Still, shorts clearly seem more, well, fun to Hempton. They stir the regulator in him – his 1990s were mostly spent as a civil servant in Canberra working on countering tax avoidance – the swotty strategist (his lucrative post-Canberra years were with billionaire investor Kerr Neilson) and even the investigative journalist.

And it’s a reputation he seems to like fostering. His appearance on ‘Dirty money’ was calculated.

“That was fun, to prove that our methods worked,” he says. “If you are short some dodgy stock in the UK, that’s sort of interesting, but if you short a $100 billion company on Wall Street, and you are right before all the famous people, that proves that you know what you are doing.”

Cult following

Hempton has a near cult following among hedgies and investors. One of his clients is Malcolm Turnbull, Australia’s former prime minister. Alex Hill, co-founder of Singapore-based Tantallon Capital Advisors, has been reading Hempton’s blog for years and laments never meeting him.
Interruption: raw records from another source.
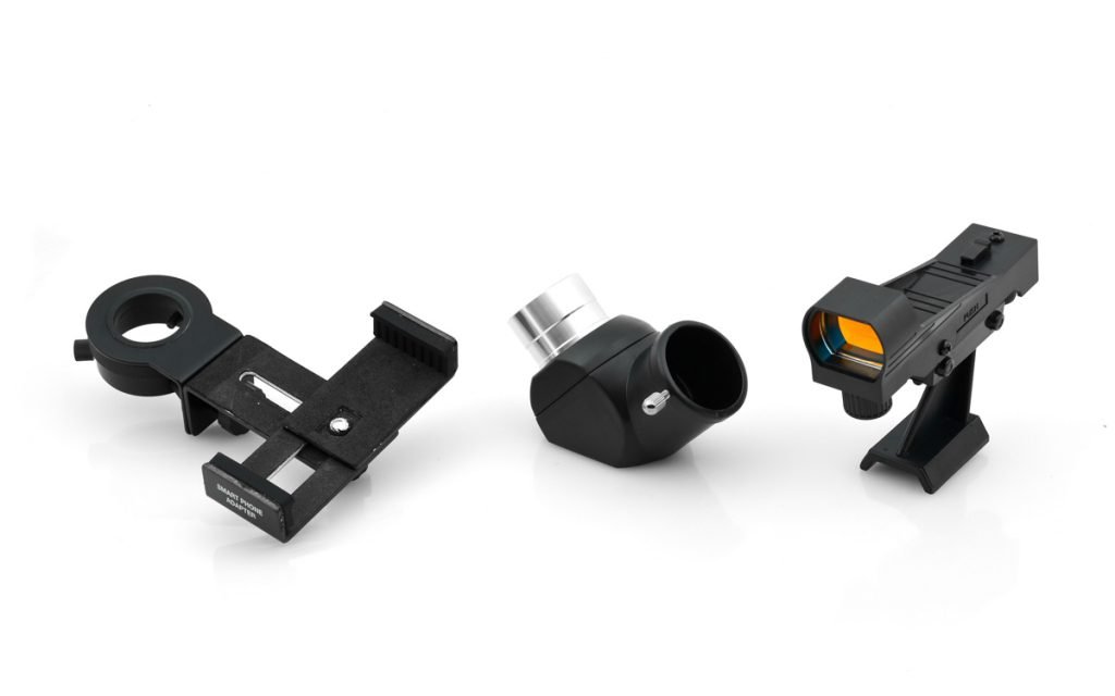 Todos los modelos de la serie incluyen el mismo trípode extensible de aluminio con cerrojos de seguridad en color azul y con una bandeja de accesorios plástica que posee seis perforaciones en las que puedes alojar tus oculares o lentes de Barlow durante la observación.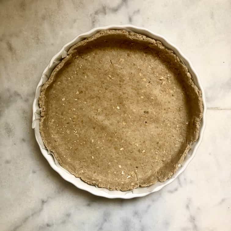 Stendete l’impasto (potete farlo tra due fogli di carta da forno se non si stende bene) e adagiatelo in uno stampo.
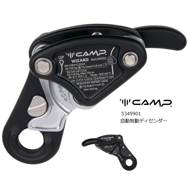 場合、カムが再び作動しロープをロックして、危険な下降速度を防

“I like his take,” says Hill. “He’s an alternate thinker, definitely outside of the box, and he tends to do his own research. Nor is he afraid to speak his mind or take on others bigger than him.”

He is also well followed at the national market regulator, the Australian Securities and Investments Commission (Asic). Says one of Asic’s senior lawyers: “Whenever John speaks, we listen. Bronte has a weight in the market that outweighs the money it invests.”



He’s an alternate thinker, definitely outside of the box... Nor is he afraid to speak his mind or take on others bigger than him - Alex Hill, Tantallon Capital Advisors


That Asic is grateful to Bronte stems from Hempton’s 2009 exposure of a $300 million fraud at what proved to be a fake Australian fund manager called Trio Capital. Hempton’s letter to the regulator about Trio opened with: “You should call the federal police – and if you don’t I will.”

“And they did,” he says. “I gave that to Asic as a charity job, as a good citizen. There was nothing in it for me. I made no money on that.”

A year earlier in a post headlined ‘Hookers that cost too much, flash German cars and insolvent banks,’ Hempton flagged a crisis in Baltic banking, a post that would prove prophetic.

“Regulators, even the best ones, are completely overwhelmed,” Hempton notes. “Their job is harder than mine. Mine is just the balance of probabilities, a reasonably articulable suspicion. Their burden of proof is miles high. Yes, they have subpoena power, but they don’t use it enough.”

Bureaucracy is another obstacle – and standards.

“There are 1,000 staff at Asic, and less than 50 I would even contemplate interviewing,” he says.

Still, Hempton has rules. He tends not to disclose his shorts, although sometimes his positions have been aired accidentally or outside his control, with consequences.

“I’ve had phone call threats – and I take them seriously,” he says.

“Don’t go public on companies in England because the defamation laws are horrible. Don’t short Chinese frauds from particular areas in the south of China. It’s a health risk,” he says. “Don’t publicly short any companies from the south of Italy whose directors have Sicilian surnames. If you short them, you certainly don’t want to tell anybody because it’s the horse’s head in the bed.”